Деньги Женька перечислял исправно, так что жить Лариске стало даже легче - можно было даже делать всякие незапланированные покупки... То игрушку сыну, то шапочку дочери...
Когда однажды Лариска зашла по дороге домой в магазин посуды (нужно было купить ковшик), она вовсе не собиралась покупать ничего, кроме пресловутого ковшика. Дочка потом спросила: "Мам, а зачем ты чашку-то эту купила - у нас же чашек полно!" Лариска не знала, что ответить: сказала просто, что захотелось...
Чашка была хороша: большая, удобная, внутри - желтого, медового цвета, сверху - красная... не фарфоровая - керамическая, устойчивая, практичная, не чашка - танк практически... Чай в ней долго не остывал и пах как-то особенно вкусно.
Теперь Лариска пила чай только из нее.
Когда Женька вдруг поднялся вместе с сыном в квартиру, она не была готова совсем... волосы растрепанные, ненакрашенная, из-под короткого халата торчать не побритые ноги...Женька окинул ее взглядом таким - не любила она этот взгляд... спросил: "Чаем-то хоть напоишь бывшего мужа?"
Лариска засуетилась, радуясь, что в холодильнике его любимые котлеты с пюре, быстренько настругала салатик... снова прислушивалась к себе - екнет? не екнет? Женька ел, сначала молчал, потом сказал: "Вкусно ты готовишь, мать... я уж и забыл, когда так ел...". Потом поговорили о дочке, та поступила в институт и загуляла окончательно, Лариска ее и дома-то не каждый день видела, Женька качал головой, говорил "ну как же так, ведь так и по кривой дорожке может же пойти", а Лариска махала в ответ рукой: "А, ничего, справимся... она хорошая девочка!"

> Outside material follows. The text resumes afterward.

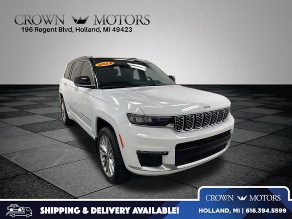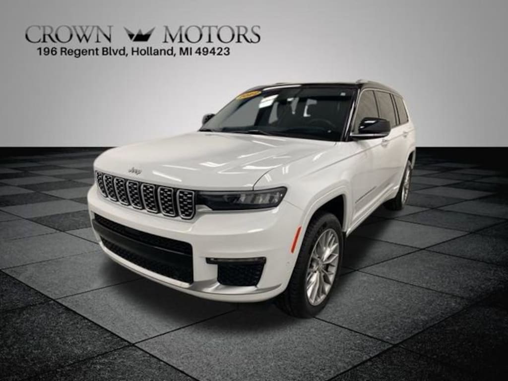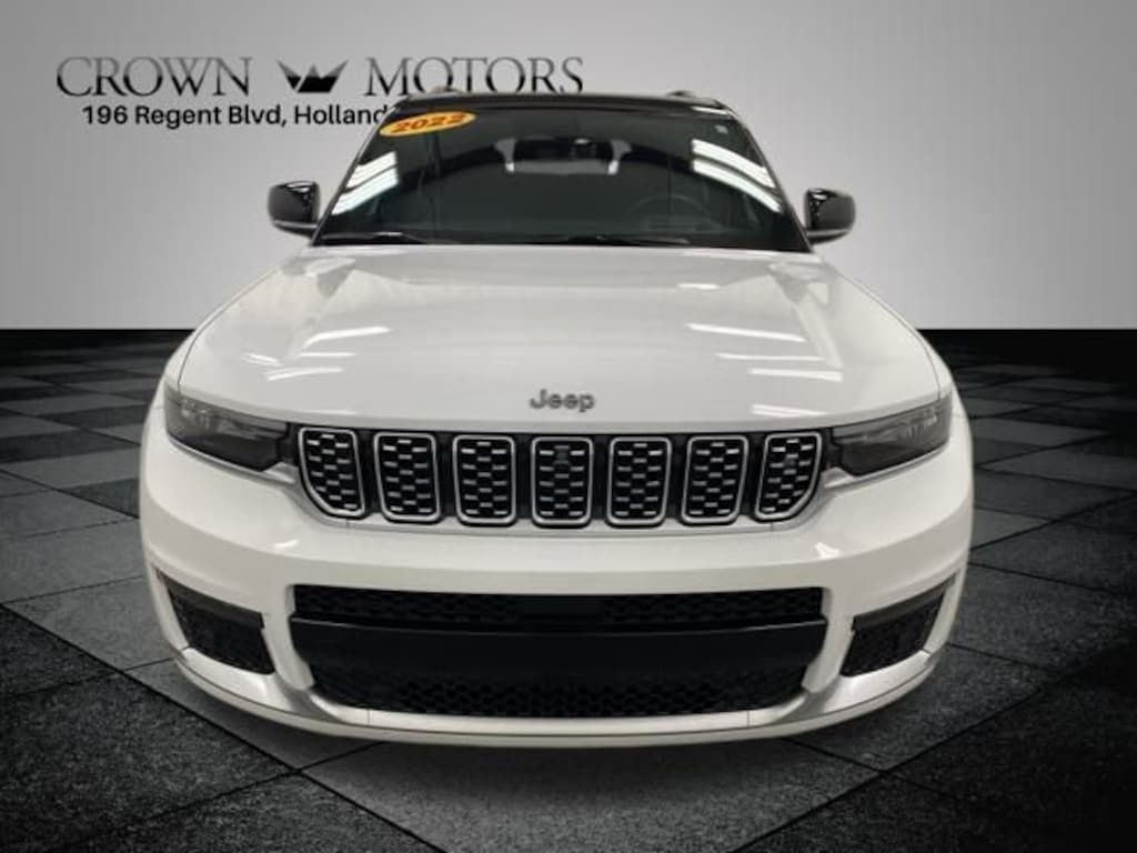 Clean CARFAX. Bright White Clearcoat 2022 Jeep Grand Cherokee L Summit 4WD 8-Speed Automatic 3.6L V6 24V VVT ** LOW MILES**, **ACCIDENT FREE**, **LOCAL TRADE IN**, 4WD, 10 Speakers, 2nd Row Manual Window Shades, 3.45 Rear Axle Ratio, 3rd row seats: split-bench, 4-Wheel Disc Brakes, ABS brakes, Active Noise Control System, Adaptive suspension, Advanced Protech Group IV, Air Conditioning, Alloy wheels, AM/FM radio: SiriusXM with 360L, Anti-whiplash front head restraints, Audio memory, Auto High-beam Headlights, Auto-dimming door mirrors, Auto-dimming Rear-View mirror, Auto-leveling suspension, Automatic temperature control, Brake assist, Bumpers: body-color, Compass, Delay-off headlights, Driver door bin, Driver vanity mirror, Dual front impact airbags, Dual front side impact airbags, Electronic Stability Control, Emergency communication system, Four wheel independent suspension, Front anti-roll bar, Front Bucket Seats, Front Center Armrest w/Storage, Front dual zone A/C, Front fog lights, Front reading lights, Fully automatic headlights, Garage door transmitter, Genuine wood dashboard insert, Genuine wood door panel insert, Heads-Up Display, Heated door mirrors, Heated front seats, Heated rear seats, Heated steering wheel, Illuminated entry, Interior Rear Facing Camera, Knee airbag, Leather steering wheel, Low tire pressure warning, Luxury Tech Group V, Memory seat, Nappa Leather Seats, Navigation System, Night Vision/Pedestrian-Animal Detection, Normal Duty Suspension, Occupant sensing airbag, Outside temperature display, Overhead airbag, Overhead console, Panic alarm, Passenger door bin, Passenger vanity mirror, Power door mirrors, Power driver seat, Power Fold Seatbacks, Power Liftgate, Power moonroof, Power passenger seat, Power steering, Power windows, Quick Order Package 22S, Radio data system, Radio: Uconnect 5 Nav w/10.1" Display, Rain sensing wipers, Rear air conditioning, Rear anti-roll bar, Rear dual zone A/C, Rear reading lights, Rear seat center armrest, Rear window defroster, Rear window wiper, Rearview Autodim Digital Display Mirror, Reclining 3rd row seat, Remote keyless entry, Security system, Speed control, Speed-Sensitive Wipers, Split folding rear seat, Spoiler, Steering wheel memory, Steering wheel mounted audio controls, Tachometer, Telescoping steering wheel, Tilt steering wheel, Traction control, Trip computer, Turn signal indicator mirrors, Two Tone Paint Group, Variably intermittent wipers, Ventilated front seats, Voltmeter, Wheels: 20" x 8.5" Fully Painted Aluminum Silver, Wireless Charging Pad, 4WD.

Потом поговорили о родителях, о сыне...
Потом - о том, что лето скоро, надо бы вывезти сына на море, паспорт нужно оформлять... еще о чем-то поговорили... что надо бы ремонт, да руки не доходят... что машину новую Женька собрался покупать...
Лариска достала чашки, из шкафчика - зефир и конфеты, порезала лимон...
Налила чай, села, отхлебнула из чашки - и поймала странный, как будто испуганный, как будто ошарашенный взгляд мужа.
" У тебя новая чашка..." - Женька не спросил, он просто констатировал факт...
И в этот момент Лариска все поняла. И засмеялась. Потому что у нее действительно была новая чашка. И жизнь у нее теперь была другая - новая. И ей в этой новой жизни было хорошо. И она поняла, что Женька это понял... и ей стало даже чуточку приятно, что его это так задело...
"Ага! - весело кивнула она головой... - Купила не так давно. Красивая, правда?"
Проводив Женьку и уложив сына спать, Лариска стала убирать со стола и мыть посуду. Ненадолго зависла над новой чашкой, постояла, устремив взгляд в себя, потом поставила ее в сушку.
Там же, в сушке, стояла и старая, синяя... тускло поблескивала истертым своим, умирающим золотом.
Лариска достала ее, долго гладила выпуклый глянцевый бок... Потом отнесла ее в стенку, в большую комнату, и поставила на видном месте - реликвия же, жалко будет, если разобьется...
Засыпая, подумала: "Джекуля, жалко, не дожил... обрадовался бы, наверно... впрочем, может, и хорошо, что не дожил..."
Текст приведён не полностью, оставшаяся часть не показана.